Suasana di Desa Kekeran, Mengwi, Badung. (YouTube.com/made alit)
Berdasarkan Lontar Pasupati Tattwa, pada zaman dahulu terdapat raksasa atau detya sakti bernama Mayasura. Mayasura tinggal di hutan bersama para abdinya. Ia tak segan membunuh manusia dan hewan yang masuk ke wilayah hutannya. Hal ini membuat Sang Hyang Pasupati turun ke bumi dan mencari Mayasura.
Sang Hyang Pasupati lalu berperang di hutan tempat raksasa sakti tersebut tinggal. Sang Hyang Pasupati berhasil mengalahkan Mayasura beserta pengikutnya. Hutan tersebut kemudian diberi nama Alas Kekeran, yang berarti hutan angker dan gaib.
Setelah kemenangan tersebut, Sang Hyang Pasupati mengepal-ngepal tanah hingga berbentuk seperti sebuah lingga. Ini nantinya menjadi cikal-bakal Pura Purusada di Desa Kapal. Sang Hyang Pasupati kemudian menancapkan Pohon Dadap atau yang dikenal dengan nama pohon sakti. Tempat ini kemudian berkembang menjadi sebuah pura bernama Pura Dalem Naga Bhumi.
Sang Hyang Pasupati sempat mengukur wilayah Hutan Alas Kekeran dengan ukuran depa (bentangan tangan), tapak batis (telapak kaki), dan lampah (ukuran langkah). Satuan ukuran ini kemudian diwariskan dalam Lontar Asta Kosala-kosali yang berkaitan dengan konsep membangun dalam ajaran Hindu di Bali.
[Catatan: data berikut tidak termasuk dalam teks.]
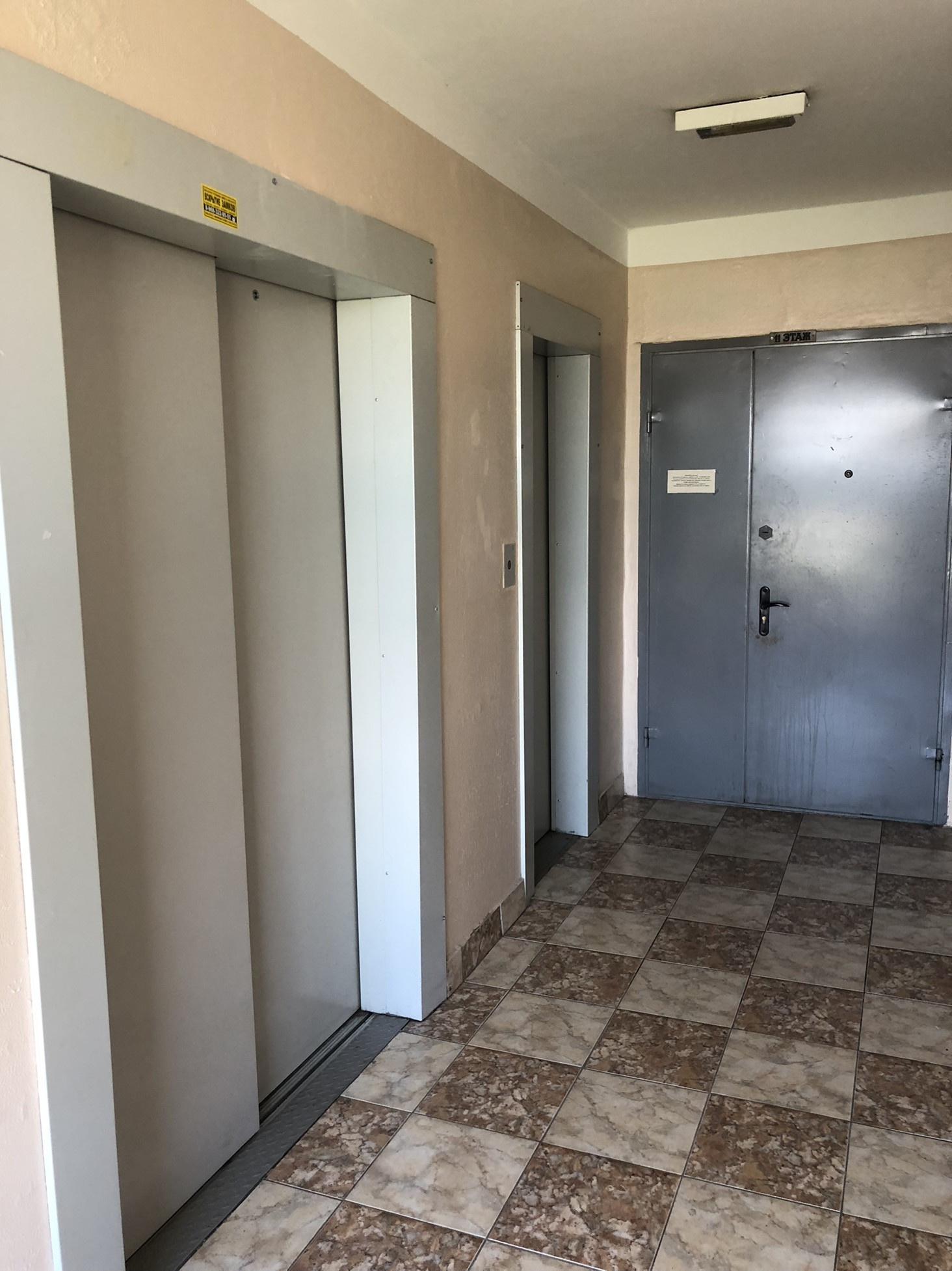 Аккуратный подъезд после ремонта, 2 лифта - пассажирский и грузовой.
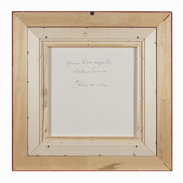 "Vaso con uva", olio su tela, firmato in basso a destra, firma e titolo al retro, entro cornice Autentica su foto dell'artista, 45x45 cm.
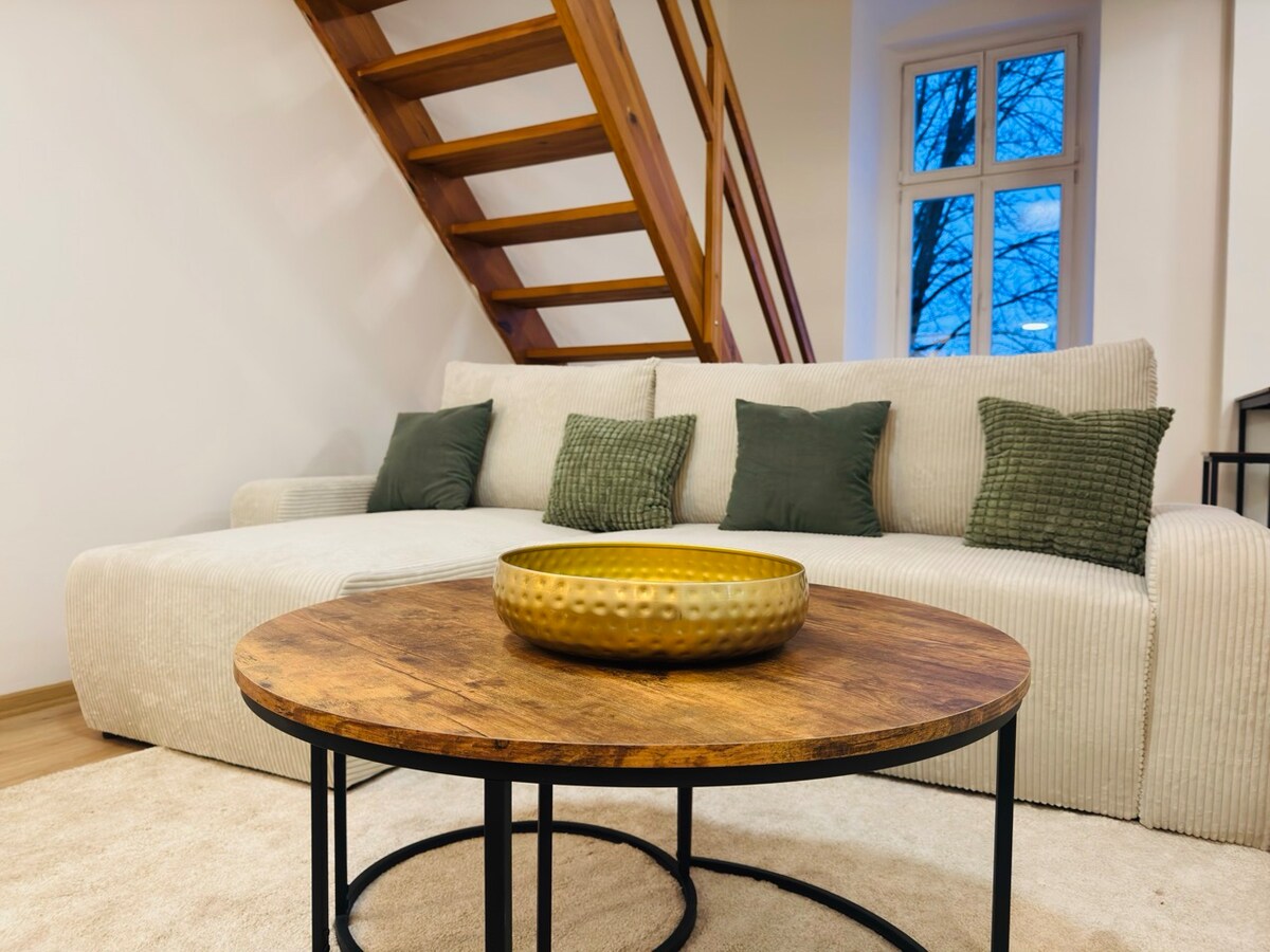 Stylový podkrovní byt se dvěma podlažími, dřevěnými prvky a jedinečnou atmosférou. Ideální pro romantický pobyt nebo odpočinek v klidném prostředí. Parkování zdarma přímo u domu.
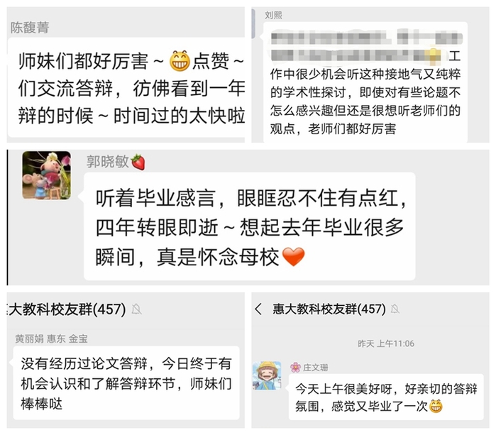 旁听的许多校友反响良好,2017届庄文珊校友留言:“好亲切的答辩氛围,感觉又毕业了一次。”2017届校友刘熙感慨道,在工作中很少有机会听到这种接地气又纯粹的学术性探讨,感谢老师们。
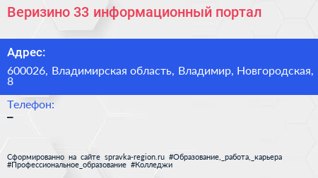 Веризино 33, информационный портал по адресу 600026, Владимирская область, Владимир, Новгородская, 8 в дальнейшем Организация, размещена в следующих категориях:
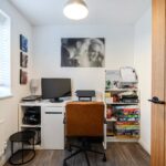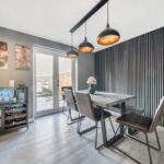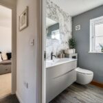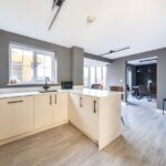 The front door opens into a spacious entrance hall finished with wood-effect laminate flooring and features a built-in cupboard providing practical storage for coats and shoes, with solid wood doors throughout the first floor, accentuating the modern feel. A cloakroom sits off the hallway and is fitted with a WC, vanity basin and heated towel rail. Also accessed from the hallway is a study, ideal for home working, with wood-effect laminate flooring and a front-facing window. The living room, with bay window, is positioned at the front of the property with a door through to the dining room, grey wood-effect laminate flooring underfoot and central pendant lighting. Rear-facing glazed patio doors open onto the garden, while a wood-panelled feature wall creates a focal point.

Roh orang yang meninggal karena perang dan korban Raksasa Mayayusa berubah menjadi penjaga Alas Kekeran berwujud memedi, wong samar (nama makhluk halus), jin, dan sejenisnya. Mereka tinggal di area pinggir hutan seolah-olah sebagai penjaga Alas Kekeran. Pada Tahun Saka 811 atau tahun masehi 899, Sang Hyang Pasupati kembali menuju Gunung Semeru melalui Pulau Jawa.